The Motorized Brigade "Cremona" was an infantry brigade of the Italian Army. The brigade's headquarters was in the city of Turin. The brigade carried on the name and traditions of the 44th Infantry Division "Cremona".

== History ==
=== Constitution ===
After the Second Italian War of Independence the Austrian Empire had to cede the Lombardy region of the Kingdom of Lombardy–Venetia to the Kingdom of Sardinia. After taking control of the region the government of Sardinia ordered the Royal Sardinian Army on 29 August 1859 to raise five infantry brigades and one grenadier brigade in Lombardy. Subsequently, on 1 November 1859 the Brigade "Cremona" was activated with the 21st Infantry Regiment and 22nd Infantry Regiment, which had been re-raised on 29 August 1859.

Together with the Brigade "Brescia" in Bergamo and the 6th Field Artillery Regiment it formed the 6th Division of the Line. The brigade was quickly sent to Southern Italy to suppress the popular revolt of the peasant population against the annexation of the Kingdom of the Two Sicilies into the new Kingdom of Italy.

During the Third Italian War of Independence the brigade participated in General Enrico Cialdinis march from the lower Po river to Isonzo river in July 1866.

=== World War I ===
At the outbreak of hostilities between Kingdom of Italy and the Austrian Empire in 1915 the Cremona along with the "Friuli" Brigade formed the 16th Division of the Line.
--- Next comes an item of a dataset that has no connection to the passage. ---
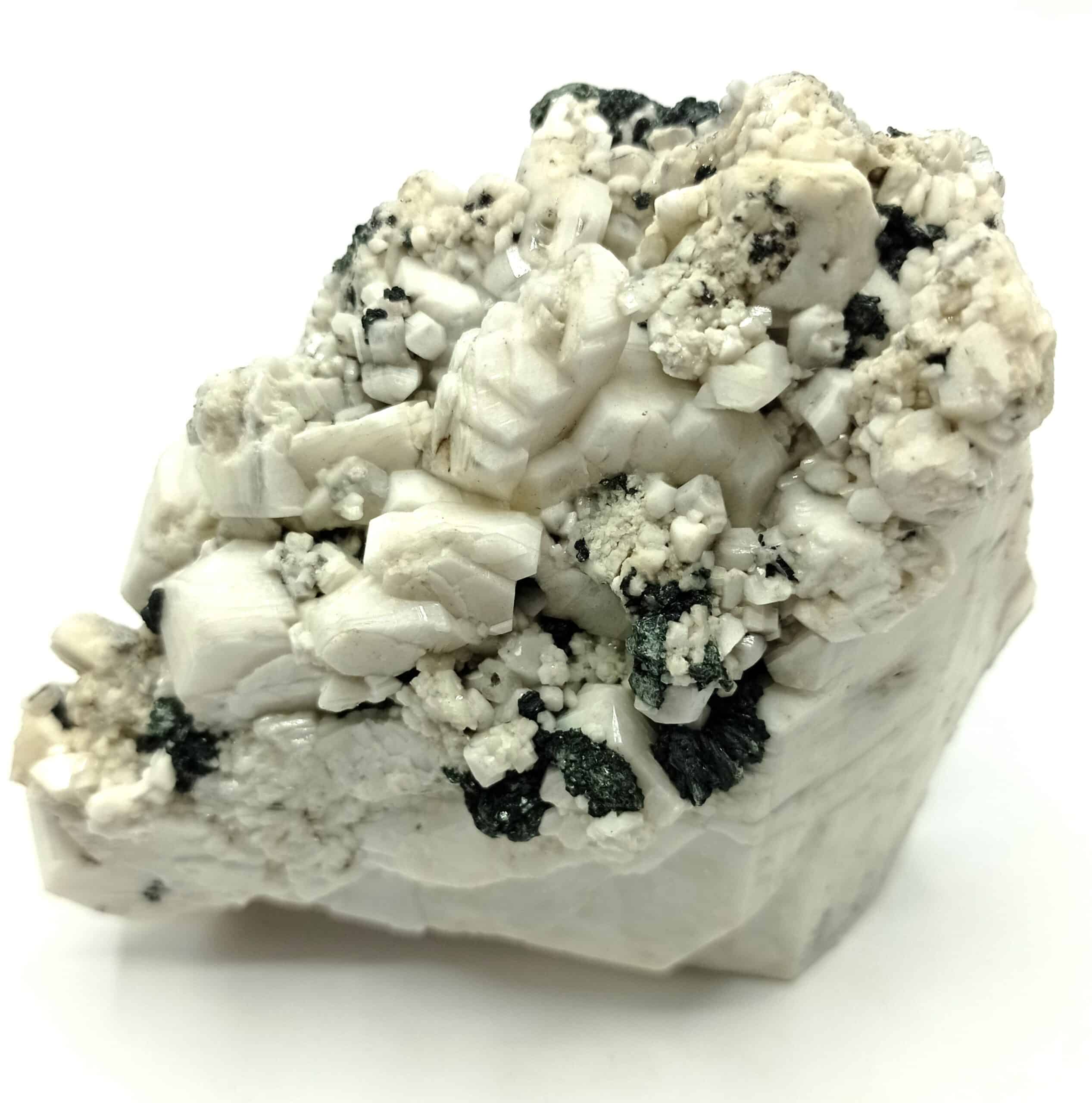 Exceptional set of periclinic crystals, a variety of feldspar, pearly white associated with some green crystals of chlinoclore.

For next years the brigade was on the Isonzo front and participated in the twelve Battles of the Isonzo. After the Italian Army's collapse after the Twelfth Battle of the Isonzo the brigade managed to retreat to the Piave front, but had to absorb the remnants of the "Tortona" Brigade to compensate for the heavy losses it had suffered. In 1918 the brigade fought in the second and third Battles of Monte Grappa. For their conduct during the war the brigade's two regiments were each an awarded a Silver Medal of Military Valor.

=== World War II ===

In 1926 the brigade received the 88th Infantry Regiment "Friuli" and became the infantry component of the 20th Infantry Division "Curtatone and Montanara". The same year the brigade was renamed as XX Infantry Brigade. On 24 August 1939 the 20th Infantry Division "Curtatone and Montanara" was split into the 20th Infantry Division "Friuli" and the 44th Infantry Division "Cremona". The Cremona consisted of the 21st and 22nd Infantry Regiment, 7th Artillery Regiment and the XC CCNN Battalion "Pisa".
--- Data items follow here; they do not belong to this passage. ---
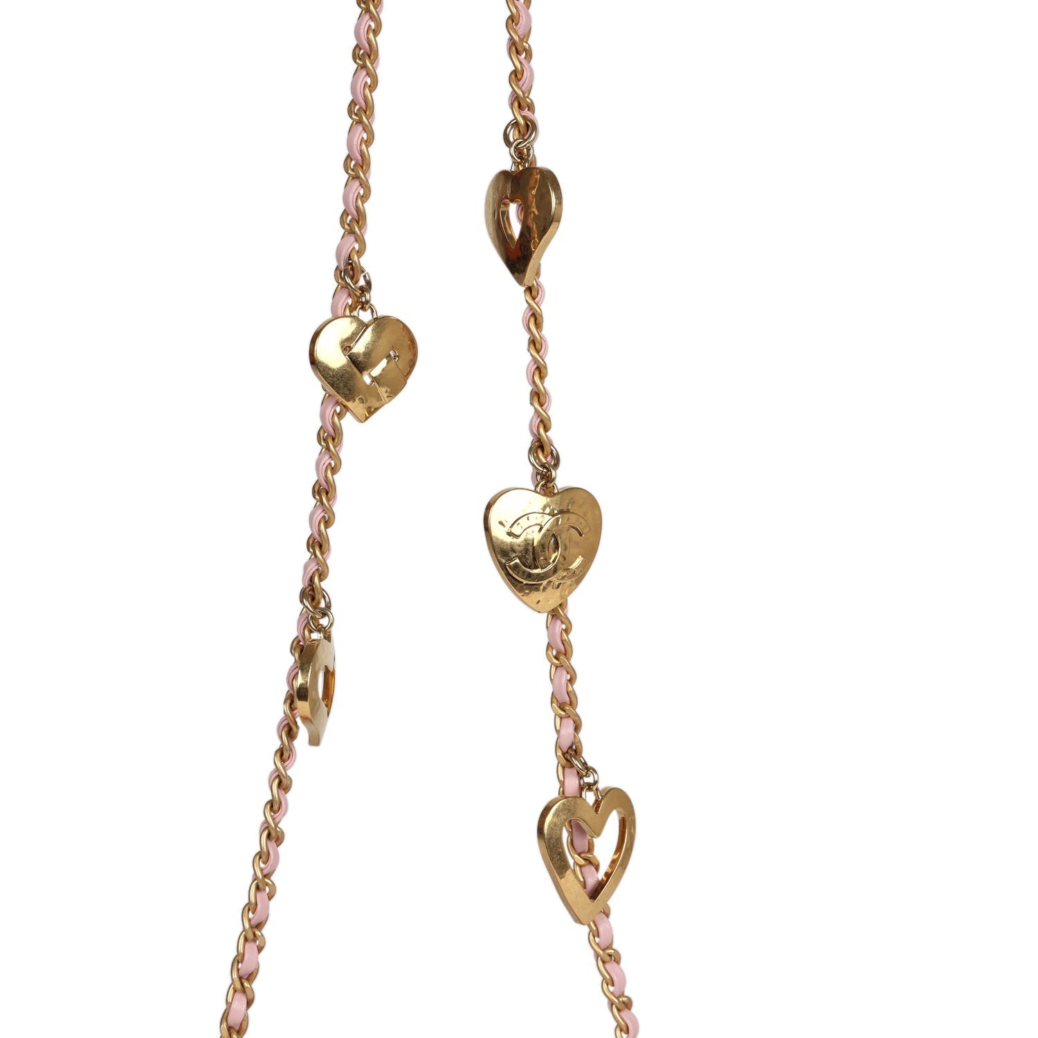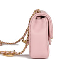 This Mini Rectangular flap bag is of pink lambskin leather with antique gold tone hardware and has a front flap with signature CC turnlock closure, rear half moon pocket, single interwoven rose leather and antique gold tone chain link shoulder/crossbody strap with heart charms.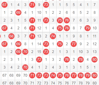 上图是福彩快乐8开奖号码走势分布图其中一部分走势图,这个区域的数字是从71到80,这个区域的数字一共有10个,这10个数字上期是一个都没出现,那么本期关注这个区域的数字出2个或者3个吧,个人最看好数字74 77 79 80。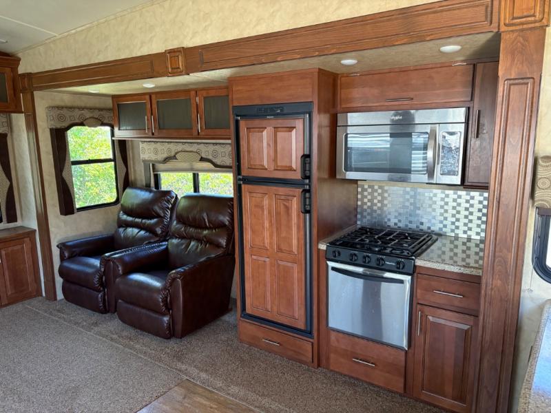 As you enter the fifth wheel, to the left is a slide with a dinette and sofa. The rear wall has an entertainment center. There is an additional slide with two lounge chairs, refrigerator, three burner range, and microwave. You will also find the double kitchen sink along one wall with counter space surrounding the sink.

In June 1940, the division was mobilized and took part in the Italian invasion of France as a part of the Italian XV Army Corps, but due to the quick German victory in the Battle of France the division was not involved in any operations before the French surrender. Afterwards the division was based as garrison unit on Sardinia. When Italy and Germany occupied Vichy France in Operation "Anton" after the Allied landings in French North Africa the division was ferried to Southern Corsica on 8 November 1942 to occupy the island, while the 20th Infantry Division "Friuli" occupied Northern Corsica.

After the armistice between Italy and the Allies on 3 September 1943 the division in conjunction with the 20th Infantry Division "Friuli" and French Partisans engaged in heavy combat with the German Sturmbrigade Reichsführer SS and 90th Panzergrenadier Division and the Italian XII Parachute Battalion of the 184th Parachute Regiment of the 184th Infantry Division "Nembo", which came from Sardinia and retreated through Corsica towards the harbor of Bastia in the island's north. On 13 September elements of the Free French 4th Moroccan Mountain Division landed in Ajaccio to support the Italian efforts to stop the 30,000 retreating German troops. But during the night of 3 to 4 October the last German units were evacuated from Bastia leaving behind 700 dead and 350 POWs.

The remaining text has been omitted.